The NJ Supremes, holding (Link via Eugene Volokh) that “the election statutes should be liberally construed,” have proved they were up to the task. (Not surprisingly, liberals are very, very good at liberally construing.)
They have “construed” the statutory authorization (Link via Dave Kopel) to replace a candidate’s name on a ballot “[i]n the event of a vacancy, … which vacancy shall occur not later than the 51st day before the general election” in such a manner that the words “not later than the 51st day” don’t really mean “not later than the 51st day.” How did they manage that? By observing that the language “does not preclude the possibility of a vacancy occurring within fifty-one days of the general election.”
True enough. All it did was say that you could fill the vacancy with another name if it occurred before the cut-off, which to most people means that you can’t if it comes later. But never mind.
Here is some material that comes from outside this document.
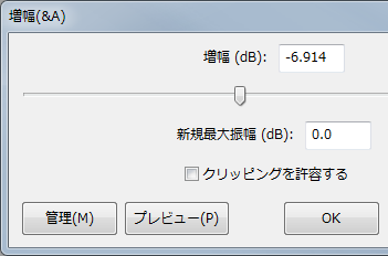 エフェクトを掛けると上のようになります。このままだと波形が大きすぎて音割れするので、エフェクト→増幅 |

My mother would have been right at home in the New Jersey Supreme Court. Local lore has it that one day she pulled up and parked right in front of a “No Parking” sign and was getting out of her car when a policeman walked up, shaking his head. “But officer,” she is said to have said, “it doesn’t say ‘positively.’”
UPDATE – And I thought that comment my mother is supposed to have made– “But officer, it didn’t say ‘positively’” — offered a humorous if telling take on the NJ Supremes’ decision. But with reality like this (Link via Howard Bashman), sarcasm hasn’t a chance:
Chief Justice Deborah Poritz observed that the 51-day rule for substituting a candidate appeared to be arbitrary. She added that other states had deadlines ranging from 30 days to a handful, noting that New York state’s statute says that failure to meet the deadline is a “fatal defect.”
“Our statute says nothing of the kind,” she said.